Question

\(A, B\) and \(C\) can solve \(50 \%, 60 \%\) and \(70 \%\) of the sums from a book. If one sum from that book is given them to solve then probability that the sum will be solved is (a) \(0.94\) (b) \(0.06\) (c) \(0.47\) (d) None

Short answer

The short answer is: The probability that the sum will be solved by at least one of them is \(0.94\).

Step-by-step solution

Write down the given probabilities of solving the problem

The three individuals have the probabilities of \(50 \%\), \(60 \%\) and \(70 \%\) respectively to solve the problem. Let's write it down: \(P(A) = 0.5\) \(P(B) = 0.6\) \(P(C) = 0.7\)

Calculate the probability of not solving the problem

Now we will calculate the probability that each individual will not solve the problem: \(P(A') = 1- P(A) = 1-0.5 = 0.5\) \(P(B') = 1- P(B) = 1-0.6 = 0.4\) \(P(C') = 1- P(C) = 1-0.7 = 0.3\)

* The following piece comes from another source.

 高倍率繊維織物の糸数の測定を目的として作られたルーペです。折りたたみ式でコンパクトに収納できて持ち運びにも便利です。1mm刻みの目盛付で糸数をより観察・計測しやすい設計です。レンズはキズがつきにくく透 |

Calculate the probability of all three not solving the problem

Now we need to find the probability that all three of them will not solve the problem. We will multiply the probabilities of the complementary events: \(P(A' \cap B' \cap C') = P(A') * P(B') * P(C') = 0.5 * 0.4 * 0.3 = 0.06\)

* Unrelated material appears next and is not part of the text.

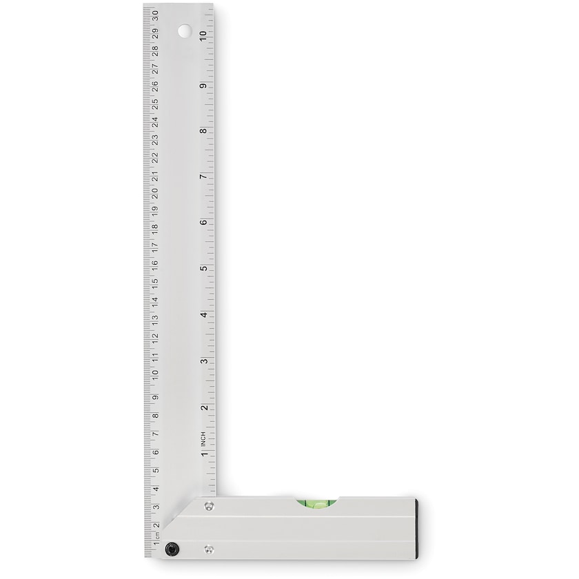 Équerre en aluminium avec niveau à bulle. Le marquage peut être réalisé soit par impression, soit par gravure laser.

Calculate the probability of at least one solving the problem

Now, we will find the probability that at least one of them will solve the problem which is the complementary event we calculated in step 3: \(P(\text{at least one solves}) = 1 - P(A' \cap B' \cap C') = 1 - 0.06 = 0.94\)

Identify the answer

In the options provided, the correct answer is: (a) \(0.94\) So, the probability that the sum will be solved by at least one of them is \(0.94\).

Key concepts

Complementary Events

In probability theory, complementary events are a fundamental concept. A complementary event basically represents the opposite of a set event occurring. If the probability of an event happening is given by \( P(E) \), then the probability of the event not happening, or the complementary event, is \( P(E') = 1 - P(E) \).
\(E'\) is read as "E complement".
Consider the problem we have, where we want to solve a sum. If the probability that individual A can solve it is 0.5, then the probability that A cannot solve it is 0.5.

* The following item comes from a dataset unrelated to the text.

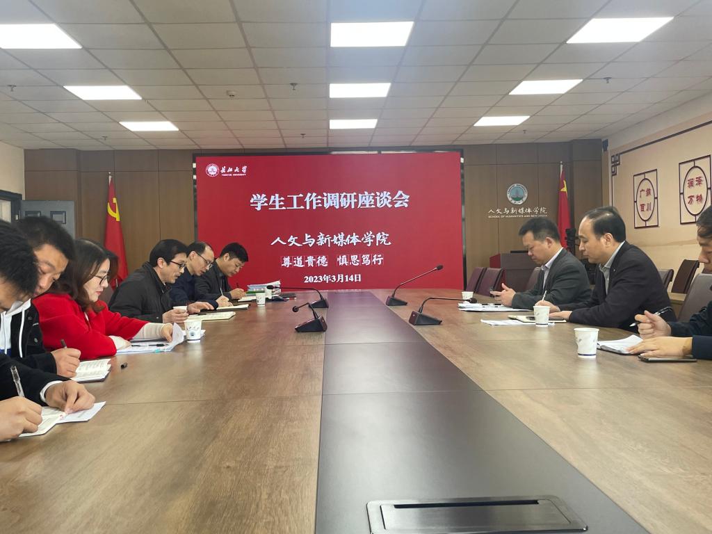 3月14日,校党委副书记、副校长杜国锋带领学生工作处副处长谢作喜、校团委副书记王宁到我院开展学生工作专题调研。学院党委书记杨克非、党委副书记胡世先、行政副院长程宏伟及全体辅导员参加调研座谈会。

• This principle is crucial for solving many probability problems, especially when dealing with the sum of probabilities of overlapping events.
• In our case, this concept helped calculate the probability that none of the individuals solved the sum, which ultimately led to finding the probability that at least one did solve it.

Independent Events

Independent events are another key concept when it comes to probability. Two events are considered independent if the occurrence of one event does not influence the occurrence of the other. This means that the probability of both events happening together is simply the product of their individual probabilities.
In our original exercise, we had to compute the probability that A, B, and C could jointly fail to solve a problem. Since their attempts are independent, we could multiply their individual probabilities of failure: \( P(A' \cap B' \cap C') = P(A') \cdot P(B') \cdot P(C') \).

• This independence allowed us to simply use multiplication to derive the joint probability of all three failing to solve the sum.
• It emphasized how, for independent events, cumulative effects can be calculated easily, simplifying more complex probability calculations.

Probability Calculations

Probability calculations allow us to quantify uncertainty. By defining events and understanding relationships between them (like independence or complementarity), we can use simple arithmetic to calculate probabilities.
In our exercise, we used basic probability rules to methodically solve the problem step-by-step. We began by calculating probabilities for complementary events, then applied these to find joint probabilities for independent events.

• We began with individual probabilities: \(P(A), P(B), P(C)\).
• Then, calculated complementary probabilities: \(P(A'), P(B'), P(C')\).
• Multiplied complementary probabilities for a joint event: \(P(A' \cap B' \cap C')\).
• Finally, used complement principle to find "at least one" probability: \( 1 - P(A' \cap B' \cap C') \).

Learning how to break complex problems into simple, solvable tasks is a crucial part of mastering probability.

JEE Mathematics

JEE Mathematics often includes various types of probability problems, which challenge students to apply concepts of complementary events, independent events, and probability calculations. These questions assess both conceptual understanding and application skills.
The exercise solved here is typical of the kind of problems you might encounter in a JEE Mathematics exam wherein disciplined application of probability concepts is required.

• JEE problems often require understanding multiple layered concepts, urging a deeper comprehension beyond basic calculations.
• A solid grasp of probability theory can simplify solving complex JEE math problems.
• Consistently practicing these types of problems can develop the quick thinking skills necessary for success in the JEE examinations.

Grasping these concepts forms a foundation for further study in sciences and engineering, which are core elements of the Joint Entrance Examination syllabus.